By Elizabeth Harrin (London)
You would have thought that with all the belt tightening going on in this economy, people would be cutting back on their charitable endeavours. Not so. In fact, philanthropists are still turning to fund managers for advice and money management – and in increasing numbers. They might not have so much to give away, but they are certainly keen to work with fund managers specialising in philanthropy to make sure their money goes to the right places.
“We are on the cusp of change with philanthropic habits evolving against the backdrop of the significant global downturn,” says Gina Miller, founder and chair of SCM Philanthropy. SCM Philanthropy is a division of Spencer-Churchill Miller Private, a new boutique wealth management practice based in the UK.
“More and more ultra high net worth individuals we see are commenting on the lack of access, communications or follow up regarding the sometimes huge amounts they give,” she adds. “It is not about being publicly acknowledged, just a question of knowing their money is achieving good and making a difference. What we are aiming to do complements what we are doing on the investment side in terms of accountability, measurability, transparency and a low cost base that is fair.”
How to Approach Shifts in Donor Behaviour
Elizabeth Brown, Vice President of Philanthropic Services at the Marin Community Foundation, has also seen a shift in the way donors behave. “One positive consequence of the economic downturn is that an awareness of the problems that we face as a community and a country are more front and center, and there’s a great deal of both questioning and learning taking place on the part of our donors.”
As a result, donors are more aware of the pressing problems of the community. “This has caused them to reassess their philanthropic strategies,” Brown adds. “There are more strategic conversations about philanthropy right now.”
The Marin Community Foundation is one of the largest community foundations in the U.S. and is based – as you’d expect – in Marin County, California, one of the wealthiest counties in the nation. The Foundation has $1billion of assets under management and makes grant distributions of approximately $50 million a year. Brown is now seeing some small changes in where the money ends up. “While some have shifted their giving to more direct service organizations, such as food banks or homeless shelters, most donors have remained consistent with supporting the organizations that align with their personal philanthropic missions, including ones in the arts, education, and medical research,” she says.
The Marin Community Foundation isn’t the only philanthropic fund manager to see this change. Victoria Collins, Executive Vice President and Principal at First Foundation Advisors, has also noticed a shift in the way that donors are acting. “I think donors are being more strategic,” she says. “They are cutting back on donating to any cause that asks and supporting only those that they can really be involved in.”
Working around The Wealth Effect in Tough Financial Times
In addition to targeting causes more strategically, some donors are cutting back on the amounts they hand over to fund managers. Collins calls this ‘The Wealth Effect.’ “The Wealth Effect works positively when the markets and economy are up,” she says. “People feel richer and therefore more generous. When it’s down, a negative ‘Wealth Effect’ results – more anxiety, more uncertainty, more focus on personal financial resources first, on worthy causes second.”

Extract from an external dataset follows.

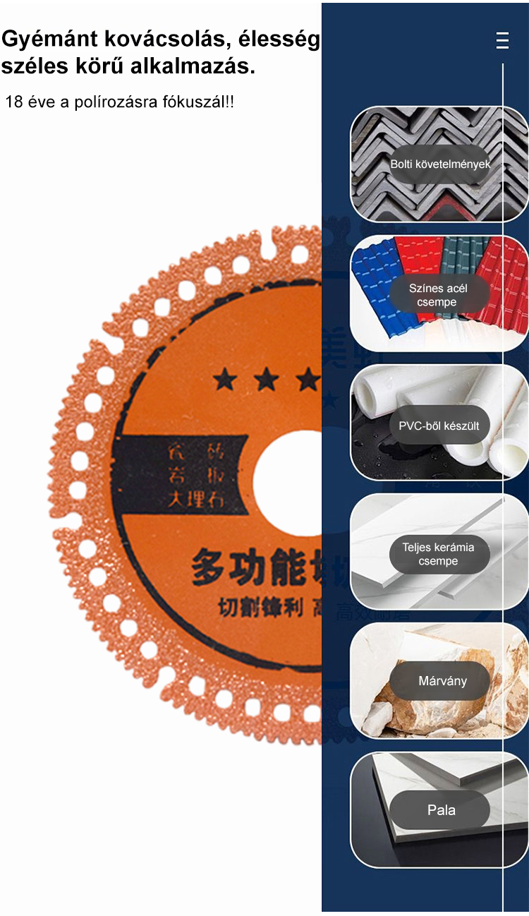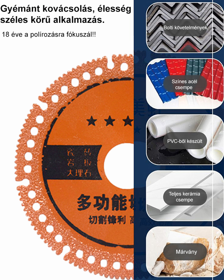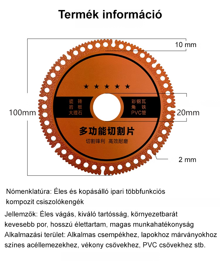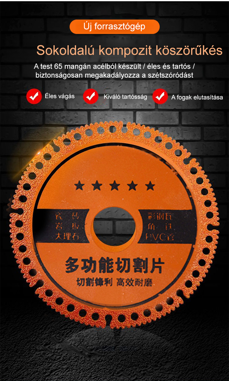 Éles, kopásálló ipari kompozit multifunkcionális vágókorong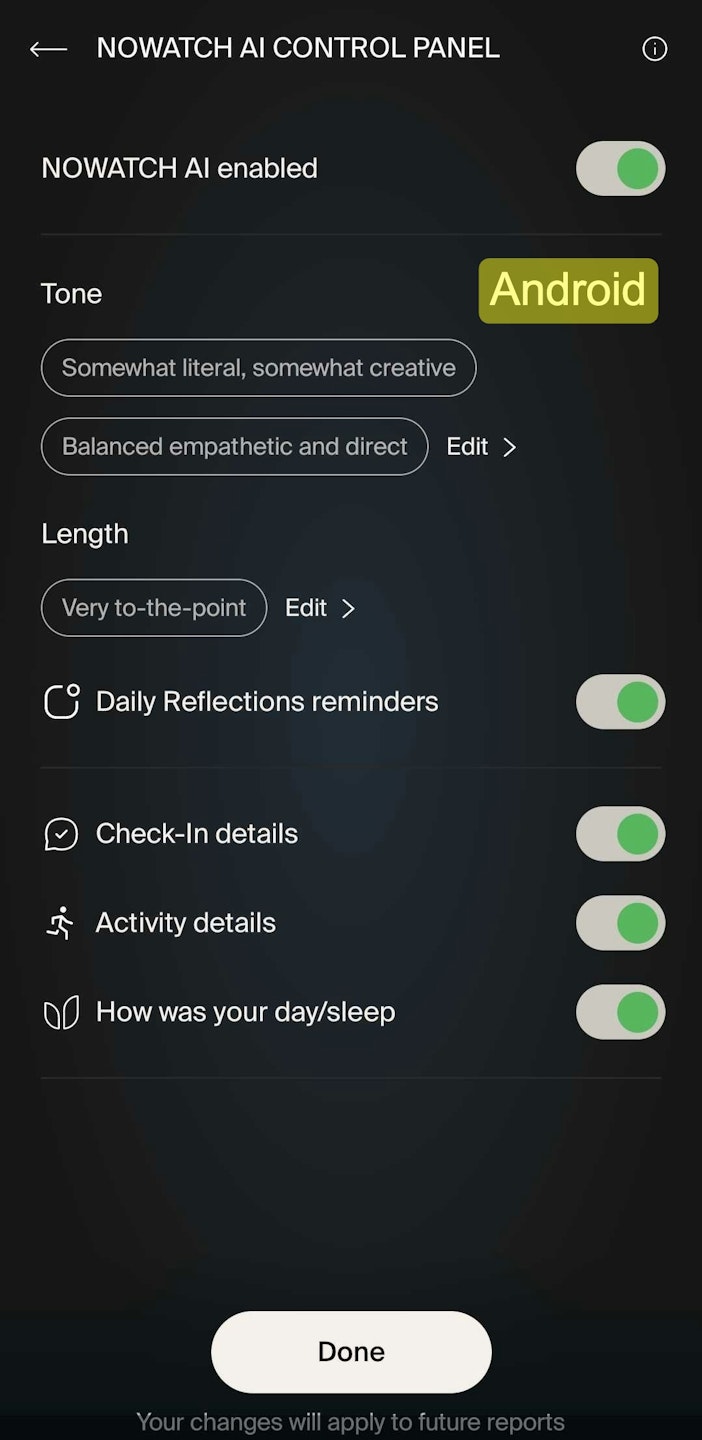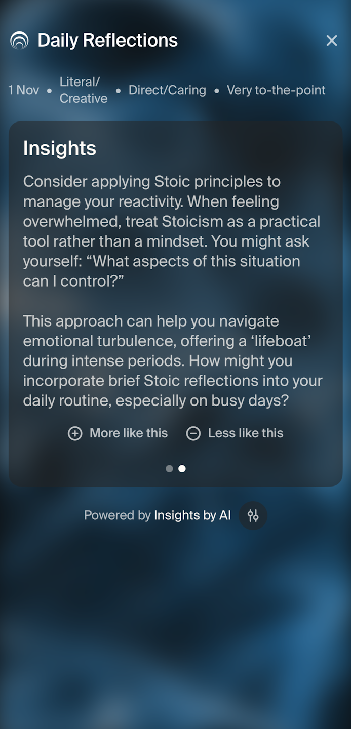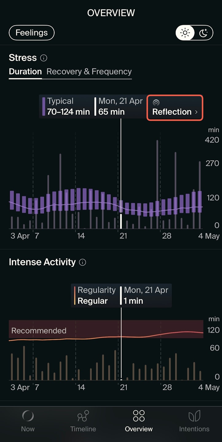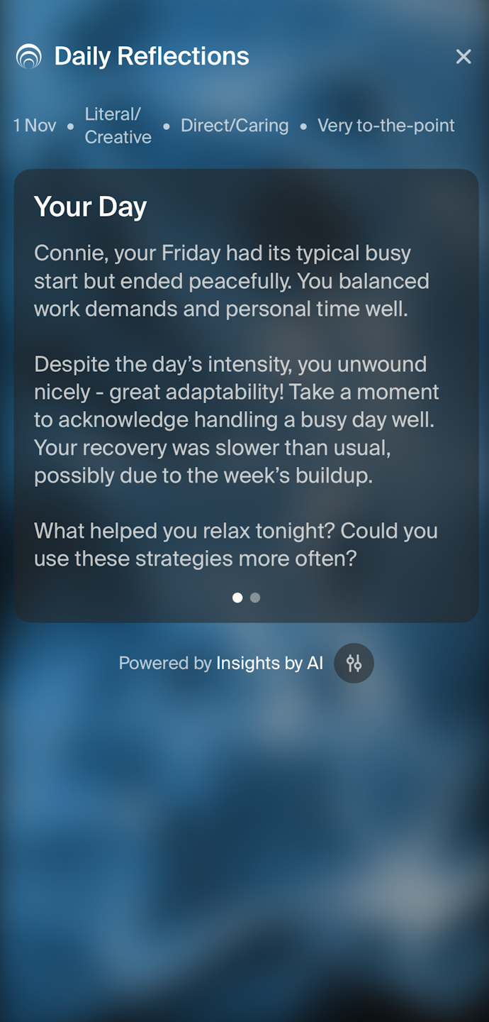 The Reflections feature is built as a companion to encourage and support you in reflecting on your day and data, helping you take control of your health.

Collins and her team of wealth management consultants provide investment advisory and financial planning services to high net worth families, trusts and businesses. But in her circles, like with Miller, it is not just about the money. “Donors are looking for non-profits that have sustainability as a mission,” Collins says. “Donors are more interested than ever in knowing where their dollar goes – what per cent to administration, what per cent to use and the results of their investment.”

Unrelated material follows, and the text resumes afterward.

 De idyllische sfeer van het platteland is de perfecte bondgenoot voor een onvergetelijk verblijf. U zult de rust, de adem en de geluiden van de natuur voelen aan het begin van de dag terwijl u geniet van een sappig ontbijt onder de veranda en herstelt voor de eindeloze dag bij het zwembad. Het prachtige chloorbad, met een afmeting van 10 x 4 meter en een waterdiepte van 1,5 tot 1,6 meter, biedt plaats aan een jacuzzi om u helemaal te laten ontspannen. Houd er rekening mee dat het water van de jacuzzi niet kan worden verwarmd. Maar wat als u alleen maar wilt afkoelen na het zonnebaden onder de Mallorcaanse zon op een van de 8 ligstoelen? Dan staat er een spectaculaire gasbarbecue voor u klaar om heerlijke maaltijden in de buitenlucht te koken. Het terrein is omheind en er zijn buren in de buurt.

Donors seem more and more concerned about making sure their cash is used to the best possible effect. Fund managers like Miller, Brown and Collins are tasked with making sure this happens. “No monies donated to us will be invested in SCM Private or any other investment vehicle but held in cash waiting to be granted,” says Miller. And given that the economy is going through a weak period, making sure that the donated funds are handled properly and not lost to the whims of the stock market takes careful work. “We are not willing to take any risks with our granting pot,” she adds.

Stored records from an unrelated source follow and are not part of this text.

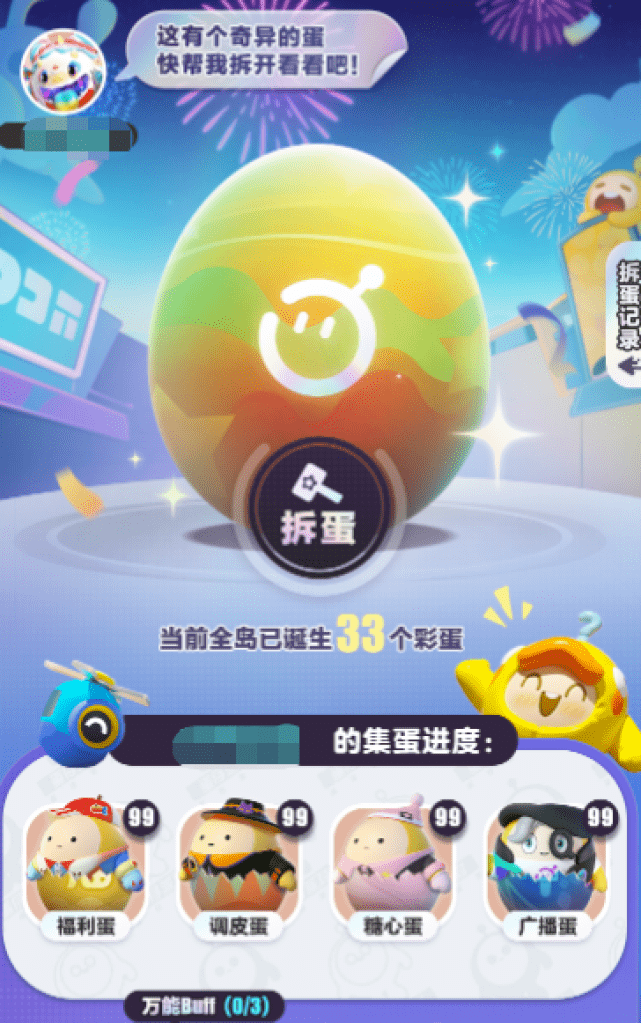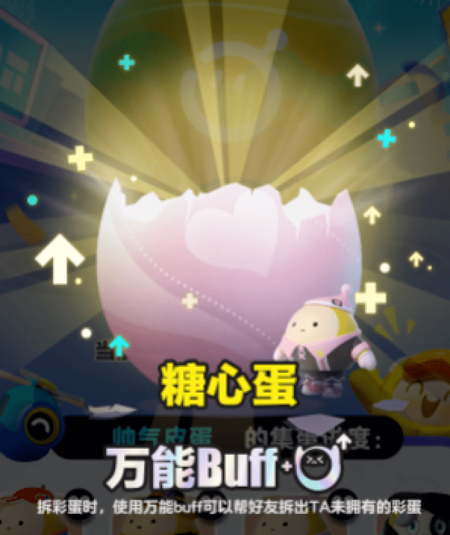 3.好友拆蛋过程中若欧气附体还会获得“万能buff”,使用“万能buff”帮助游戏玩家拆彩蛋,必定能拆出“TA”未曾集齐的彩蛋。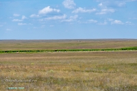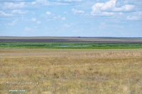 Степное озеро среди увалов. Характерная околоводная растительность.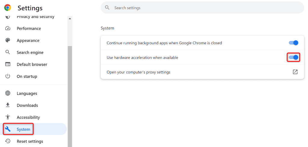 - Απενεργοποιήστε τοΧρησιμοποιήστε την επιτάχυνση υλικού όταν είναι διαθέσιμηεπιλογή.

Currently, the beneficiaries of foundations, grants and trusts need to shout even louder amidst the thousands of worthy causes crying out for investment. “When government or state funds are reduced, charities have to work even harder to apply for grants from foundations and private individuals,” explains Collins. “For example, Human Options supports women and children escaping from domestic violence. A cut in state funding across the board for all organizations like this means a cut in programs, staff and services unless other sources of income are found.”
So it’s good news for charitable endeavours that there are still donors gifting sums into the hands of responsible fund managers: donors who, by all accounts, are now more interested and more committed to the worthy causes they set out to help.